Problem to solve
Make an exact copy of the records that follow, with each picture omitted.

Records for this exercise START

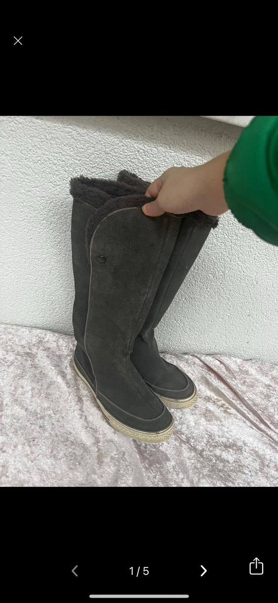 Gri Süet Kürklü İnce Topuklu Dizüstü Kadın Çizme
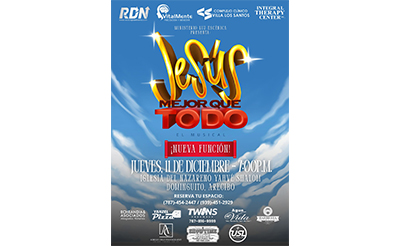 Durante el día de hoy, el Ministerio Luz Escénica anunció la apertura de una segunda función del musical Jesús, Mejor Que Todo, el jueves 11 de diciembre a las 7:00 p.m.. Han sido muchas las llamadas de personas que desean ver este musical que habla directamente sobre el significado del nacimiento de Jesús y el plan de salvación que Dios prometió desde la creación del mundo.
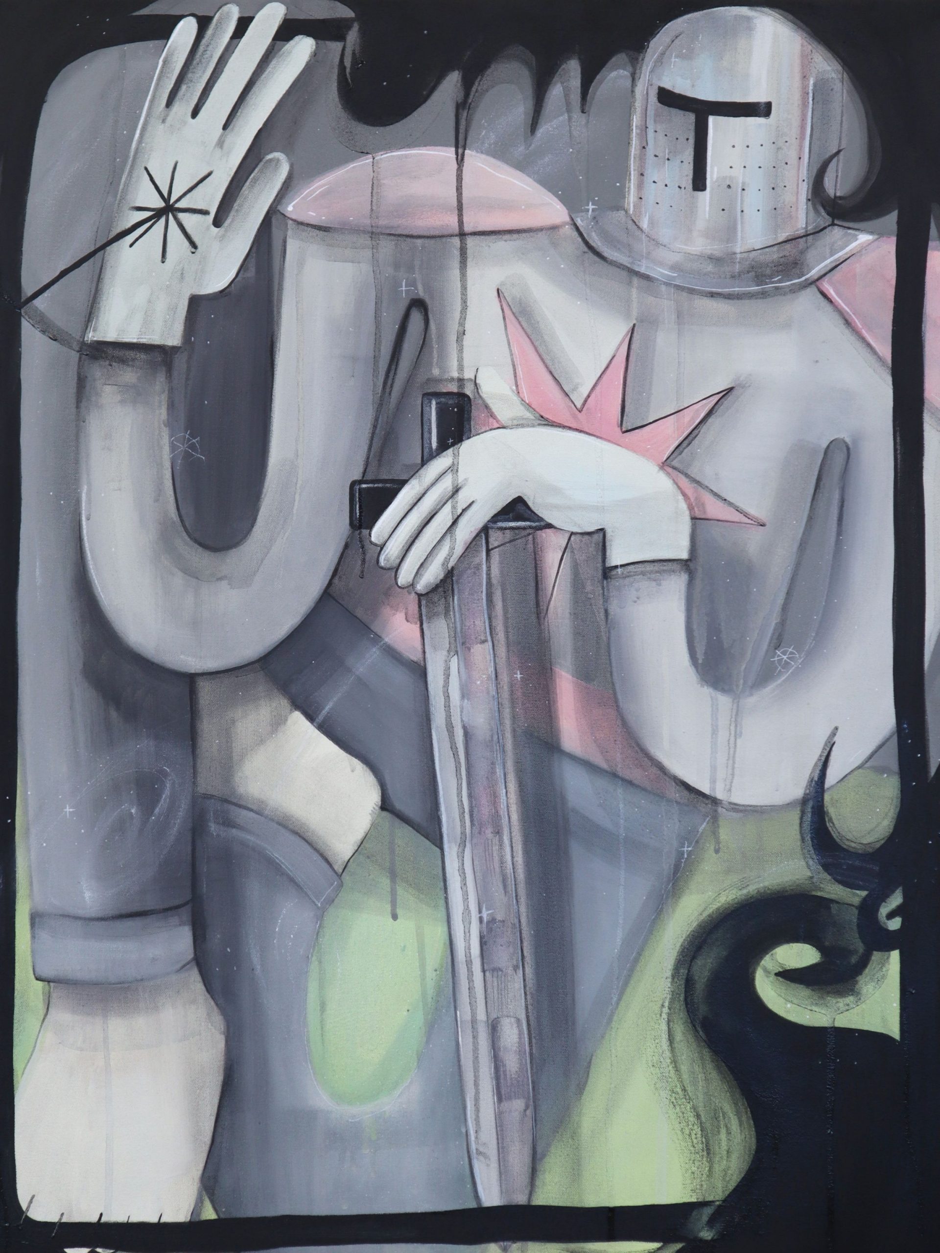 Vojtěch graduated from the Painting Studio at the Faculty of Fine Arts of the Brno University of Technology. His paintings and objects are based on scenes from video games. On canvas, he processes fragments of user interfaces, monsters and snippets of stories. Vojtěch transforms seemingly ordinary functional elements such as icons and cursors into unique aesthetic objects. He often incorporates other materials into his paintings, including metal and textiles.
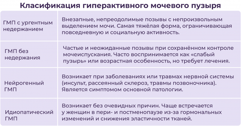 Гиперактивный мочевой пузырь может иметь разные формы, в зависимости от наличия сопутствующих симптомов и причин возникновения. В клинической практике выделяют несколько типов, которые важно различать при постановке диагноза и выборе тактики лечения:
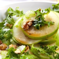 In a bowl, mix the orange juice, olive oil, 1 tablespoon of honey, and finely chopped mint. Add the watercress and diced apple.
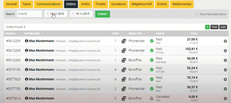 - Überblick über alle Bestellungen
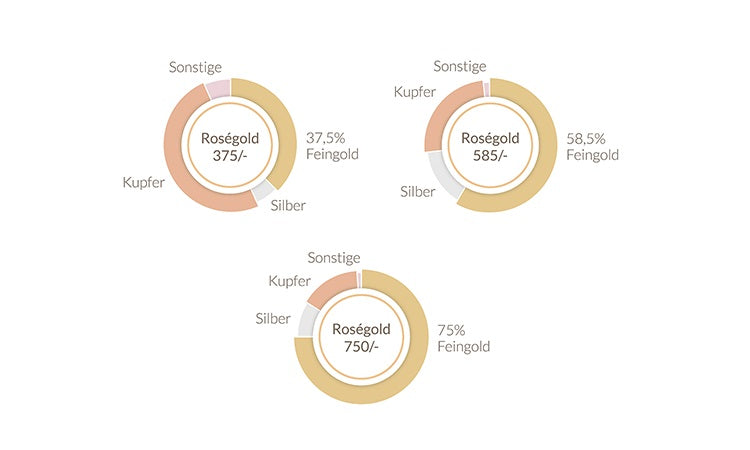 Der sanfte Goldton entsteht durch die Beigabe von Kupfer. Wird der Kupferanteil in der Goldlegierung leicht erhöht, erhält man Roségold, das mitunter auch als Mittelgold oder Apricotgold bezeichnet wird. Rubin bietet den begehrten Goldton in den Legierungen375/-,585/- und750/- an. Und auch hier gilt die einfache Gleichung: Mit wachsendem Goldanteil steigt die Qualität und der Wert der Trauringe.
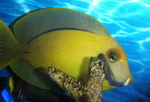 この子は、うちの水槽にいる、通称ミミックタン(ヘラルドヤッコに擬態しているハギです)。本名は「クログチニザ」。ペットショップでは、実際の名前と違う名前が通称になっていたりします。うちではなぜか「黄色いやつ」と呼ばれています・・・。差別だ~と思う人もいるかもですね。だってこのこ、性格悪いんです。ほかの魚をつついたり追いかけたりするし、餌もがつがつ食べて、ほかのこの餌もなんでも食べちゃうし。ほんとは ミミー って名前だったんだけど、いつの間にかこんな呼ばれ方に。しかも成長がはやくて。今は水槽に合わせて成長が止まりましたが、13cmくらいです。
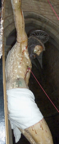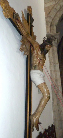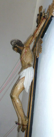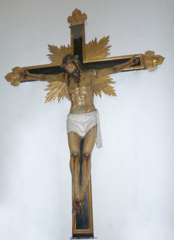 Cruz de altar com a imagem de Cristo morto, crucificado com os braços esticados, horizontalizados, cabeça tombada à direita em contraposto com a orientação das pernas flectidas pela cravação conjunta dos pés, o direito sobre o esquerdo. Rosto largo expondo algum sofrimento patente nos olhos e lábios quase cerrados, o lábio superior oculto pelo bigode, alguma proeminência dos ossos faciais e nariz fino. Cabelo e barba escorridos, marcados por incisões ondulantes. O cabelo deixa visualizar a orelha esquerda e, no lado oposto, uma madeixa repousa no peito, assim como a barba subdividida em duas melenas pontudas. Anatomicamente destaca-se a estrutura maciça do tronco com marcação mais acentuada da estrutura óssea e retracção muscular, relativamente aos membros longos e esguios. Cendal branco de formato rectangular e drapeado suave interpretando a volumetria das pernas, formando um saio que vai estreitando em direcção à anca esquerda donde pende uma ponta hirta rematada por pregas escalonadas. Imagem repintada em tom escuro, acentuado pelo verniz oxidado, pontuada por alguns ferimentos e macerações para além dos convencionais, donde escorrem fluxos sanguíneos. Cruz de configuração latina, emoldurada por faixa saliente e dourada, assim como as terminações trilobadas e resplendor quadrangular de raios setiformes.
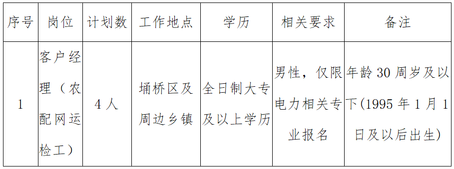 (一)招聘崗位:客戶經(jīng)理(農(nóng)配網(wǎng)運(yùn)檢工)
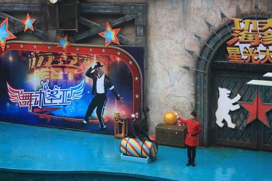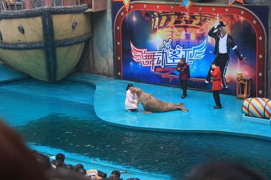先是海獅表演,接下來是海象表演有熱身運(yùn)動仰臥起坐,接著模仿MJ,重頭戲調(diào)戲美女
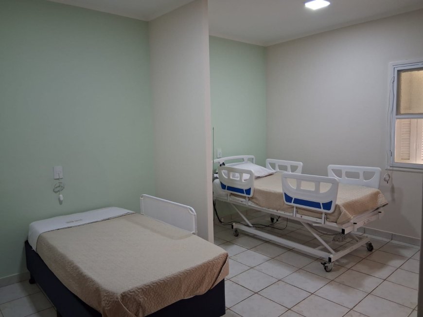 Apertando as mãos do médico e da atendente, um senhor se levanta da cadeira e oferece o braço a uma outra senhora, essa de mais idade. Ambos estavam ali para visitarem o local e conhecerem as instalações. Quartos amplos e arejados, jardins e ambientes externos floridos, horta, pomar, salão social, refeitório, espaços de convívio e de meditação e cultos ecumênicos, localizado bem abaixo de um pergolado de madeira que cobre poltronas confortáveis para os encontros, além de consultório médico e uma sala de atendimentos de urgência e emergência no próprio local: “Aqui são dois edifícios, sendo 1.100 metros quadrados de área construída, localizada em um bosque de 10 mil metros. Uma parte desta edificação é onde funcionou por muitos anos o Projeto Casa Dia, da prefeitura de Serra Negra-SP, onde hoje nós montamos nossos salão social e refeitório, e onde promovemos atividades coletivas, inclusive ações de fisioterapia, educação física e arteterapia. O empreendimento ainda dispõe de cozinha industrial equipada, lavanderia, horta, jardim, além de uma área de suporte, depósito de material de limpeza, e um elevador que dá acesso ao prédio de cima, onde as pessoas residem. Neste andar de cima, existe uma área de estar, destinada exclusivamente às famílias que vêm visitar os idosos, assegurando mais privacidade, e garantindo um local mais isolado para que juntos possam ter um momento de comunhão. A Casa di Matera ainda possui uma sala de atendimento de urgência e emergência, equipada com desfibrilador, cilindro de oxigênio e monitorização, utilizada para aqueles momentos em que, sabemos, lidaremos com questões mais graves, do ponto de vista de saúde. Ali é onde fazemos a medicação, com estrutura de geladeiras para medicamentos que precisam ser acondicionados. Atualmente, possuímos sete quartos na parte inferior do prédio, que podem receber 14 moradores, e assim que o elevador for instalado, teremos a possibilidade de ampliar o número para 14 apartamentos, somando 28 moradores. Estamos trabalhando para alcançar o número de dez ou doze pessoas para realizar esse novo investimento, e solicitar a liberação para os órgãos competentes, porque, hoje, temos a outorga para recebermos 14 pessoas moradoras. Vale destacar que os quartos são núcleos compartilhados, mas em havendo o desejo da família, eles podem ser privados também e o morador residir e dormir sozinho em um deles. Os quartos que temos à disposição atendem a duas pessoas, sendo um banheiro compartilhado entre elas. Fizemos recentemente uma série de reformas, trocando armários, instalando camas adequadas à funcionalidade da pessoa, podendo ser uma cama box, com proteção lateral, sempre, a fim de evitar quedas, e também camas automáticas e manuais hospitalares, para aqueles idosos que já têm um grau de disfuncionalidade 3, ou seja, completa, um idoso restrito ao leito. Essa pessoa fica numa cama hospitalar para conseguirmos elevar a cabeceira e as pernas e realizarmos os procedimentos de cuidados. Existem casos de idosos que possuem insuficiência cardíaca, por exemplo, e para evitar broncoaspiração e outros problemas, esses recursos dão suporte à equipe, formada por médico, enfermeiros, técnicos de enfermagem, fisioterapeuta, fonoaudióloga, terapeuta ocupacional, educador físico, além de outros profissionais que ainda irão se juntar a nós nessa empreitada”.
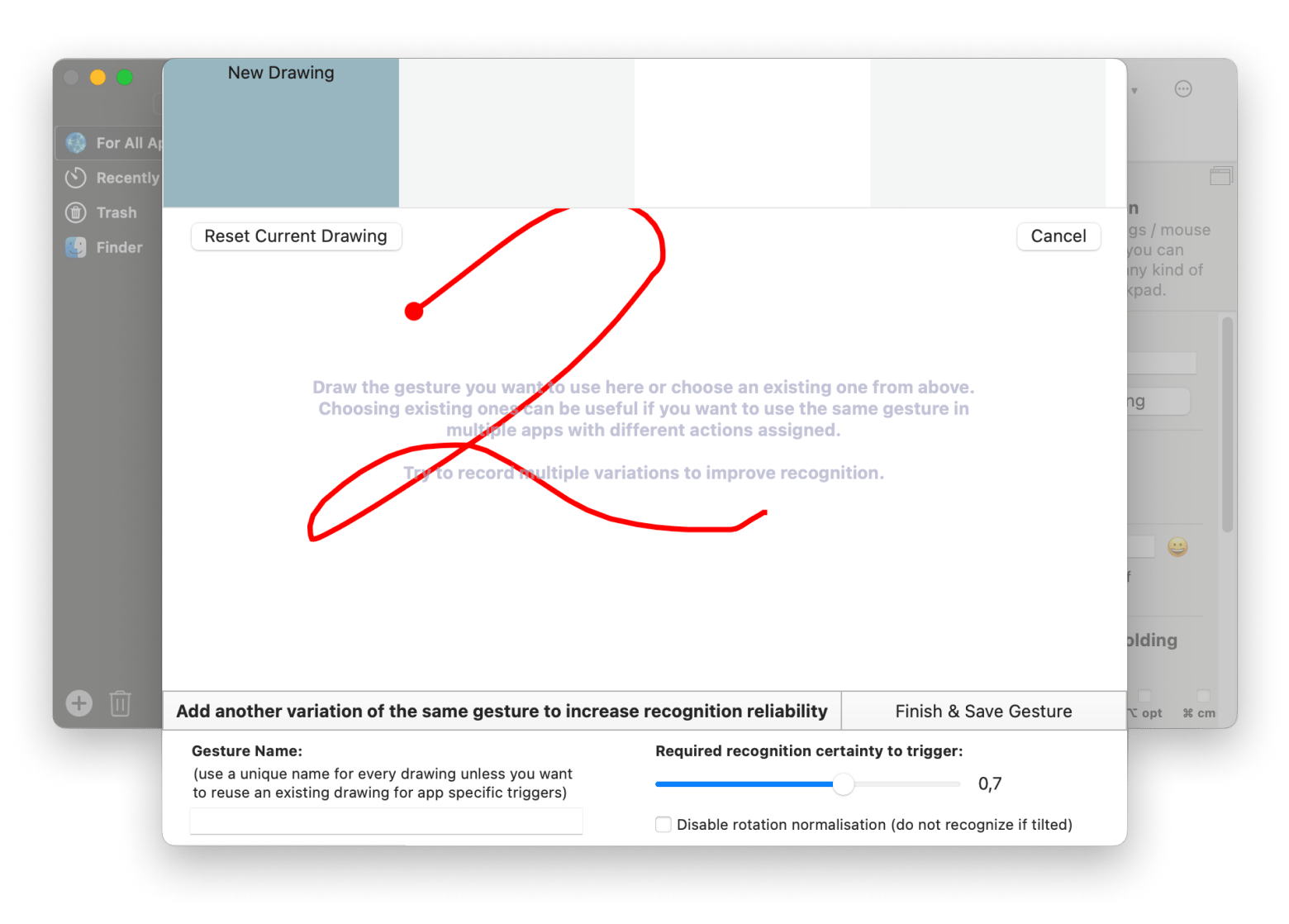 BetterTouchTool drawing gesture setup

Records for this exercise END

Exercise answer
 Gri Süet Kürklü İnce Topuklu Dizüstü Kadın Çizme
 Durante el día de hoy, el Ministerio Luz Escénica anunció la apertura de una segunda función del musical Jesús, Mejor Que Todo, el jueves 11 de diciembre a las 7:00 p.m.. Han sido muchas las llamadas de personas que desean ver este musical que habla directamente sobre el significado del nacimiento de Jesús y el plan de salvación que Dios prometió desde la creación del mundo.
 Vojtěch graduated from the Painting Studio at the Faculty of Fine Arts of the Brno University of Technology. His paintings and objects are based on scenes from video games. On canvas, he processes fragments of user interfaces, monsters and snippets of stories. Vojtěch transforms seemingly ordinary functional elements such as icons and cursors into unique aesthetic objects. He often incorporates other materials into his paintings, including metal and textiles.
 Гиперактивный мочевой пузырь может иметь разные формы, в зависимости от наличия сопутствующих симптомов и причин возникновения. В клинической практике выделяют несколько типов, которые важно различать при постановке диагноза и выборе тактики лечения:
 In a bowl, mix the orange juice, olive oil, 1 tablespoon of honey, and finely chopped mint. Add the watercress and diced apple.
 - Überblick über alle Bestellungen
 Der sanfte Goldton entsteht durch die Beigabe von Kupfer. Wird der Kupferanteil in der Goldlegierung leicht erhöht, erhält man Roségold, das mitunter auch als Mittelgold oder Apricotgold bezeichnet wird. Rubin bietet den begehrten Goldton in den Legierungen375/-,585/- und750/- an. Und auch hier gilt die einfache Gleichung: Mit wachsendem Goldanteil steigt die Qualität und der Wert der Trauringe.
 この子は、うちの水槽にいる、通称ミミックタン(ヘラルドヤッコに擬態しているハギです)。本名は「クログチニザ」。ペットショップでは、実際の名前と違う名前が通称になっていたりします。うちではなぜか「黄色いやつ」と呼ばれています・・・。差別だ~と思う人もいるかもですね。だってこのこ、性格悪いんです。ほかの魚をつついたり追いかけたりするし、餌もがつがつ食べて、ほかのこの餌もなんでも食べちゃうし。ほんとは ミミー って名前だったんだけど、いつの間にかこんな呼ばれ方に。しかも成長がはやくて。今は水槽に合わせて成長が止まりましたが、13cmくらいです。
 Cruz de altar com a imagem de Cristo morto, crucificado com os braços esticados, horizontalizados, cabeça tombada à direita em contraposto com a orientação das pernas flectidas pela cravação conjunta dos pés, o direito sobre o esquerdo. Rosto largo expondo algum sofrimento patente nos olhos e lábios quase cerrados, o lábio superior oculto pelo bigode, alguma proeminência dos ossos faciais e nariz fino. Cabelo e barba escorridos, marcados por incisões ondulantes. O cabelo deixa visualizar a orelha esquerda e, no lado oposto, uma madeixa repousa no peito, assim como a barba subdividida em duas melenas pontudas. Anatomicamente destaca-se a estrutura maciça do tronco com marcação mais acentuada da estrutura óssea e retracção muscular, relativamente aos membros longos e esguios. Cendal branco de formato rectangular e drapeado suave interpretando a volumetria das pernas, formando um saio que vai estreitando em direcção à anca esquerda donde pende uma ponta hirta rematada por pregas escalonadas. Imagem repintada em tom escuro, acentuado pelo verniz oxidado, pontuada por alguns ferimentos e macerações para além dos convencionais, donde escorrem fluxos sanguíneos. Cruz de configuração latina, emoldurada por faixa saliente e dourada, assim como as terminações trilobadas e resplendor quadrangular de raios setiformes.
 (一)招聘崗位:客戶經(jīng)理(農(nóng)配網(wǎng)運(yùn)檢工)
先是海獅表演,接下來是海象表演有熱身運(yùn)動仰臥起坐,接著模仿MJ,重頭戲調(diào)戲美女
 Apertando as mãos do médico e da atendente, um senhor se levanta da cadeira e oferece o braço a uma outra senhora, essa de mais idade. Ambos estavam ali para visitarem o local e conhecerem as instalações. Quartos amplos e arejados, jardins e ambientes externos floridos, horta, pomar, salão social, refeitório, espaços de convívio e de meditação e cultos ecumênicos, localizado bem abaixo de um pergolado de madeira que cobre poltronas confortáveis para os encontros, além de consultório médico e uma sala de atendimentos de urgência e emergência no próprio local: “Aqui são dois edifícios, sendo 1.100 metros quadrados de área construída, localizada em um bosque de 10 mil metros. Uma parte desta edificação é onde funcionou por muitos anos o Projeto Casa Dia, da prefeitura de Serra Negra-SP, onde hoje nós montamos nossos salão social e refeitório, e onde promovemos atividades coletivas, inclusive ações de fisioterapia, educação física e arteterapia. O empreendimento ainda dispõe de cozinha industrial equipada, lavanderia, horta, jardim, além de uma área de suporte, depósito de material de limpeza, e um elevador que dá acesso ao prédio de cima, onde as pessoas residem. Neste andar de cima, existe uma área de estar, destinada exclusivamente às famílias que vêm visitar os idosos, assegurando mais privacidade, e garantindo um local mais isolado para que juntos possam ter um momento de comunhão. A Casa di Matera ainda possui uma sala de atendimento de urgência e emergência, equipada com desfibrilador, cilindro de oxigênio e monitorização, utilizada para aqueles momentos em que, sabemos, lidaremos com questões mais graves, do ponto de vista de saúde. Ali é onde fazemos a medicação, com estrutura de geladeiras para medicamentos que precisam ser acondicionados. Atualmente, possuímos sete quartos na parte inferior do prédio, que podem receber 14 moradores, e assim que o elevador for instalado, teremos a possibilidade de ampliar o número para 14 apartamentos, somando 28 moradores. Estamos trabalhando para alcançar o número de dez ou doze pessoas para realizar esse novo investimento, e solicitar a liberação para os órgãos competentes, porque, hoje, temos a outorga para recebermos 14 pessoas moradoras. Vale destacar que os quartos são núcleos compartilhados, mas em havendo o desejo da família, eles podem ser privados também e o morador residir e dormir sozinho em um deles. Os quartos que temos à disposição atendem a duas pessoas, sendo um banheiro compartilhado entre elas. Fizemos recentemente uma série de reformas, trocando armários, instalando camas adequadas à funcionalidade da pessoa, podendo ser uma cama box, com proteção lateral, sempre, a fim de evitar quedas, e também camas automáticas e manuais hospitalares, para aqueles idosos que já têm um grau de disfuncionalidade 3, ou seja, completa, um idoso restrito ao leito. Essa pessoa fica numa cama hospitalar para conseguirmos elevar a cabeceira e as pernas e realizarmos os procedimentos de cuidados. Existem casos de idosos que possuem insuficiência cardíaca, por exemplo, e para evitar broncoaspiração e outros problemas, esses recursos dão suporte à equipe, formada por médico, enfermeiros, técnicos de enfermagem, fisioterapeuta, fonoaudióloga, terapeuta ocupacional, educador físico, além de outros profissionais que ainda irão se juntar a nós nessa empreitada”.
 BetterTouchTool drawing gesture setup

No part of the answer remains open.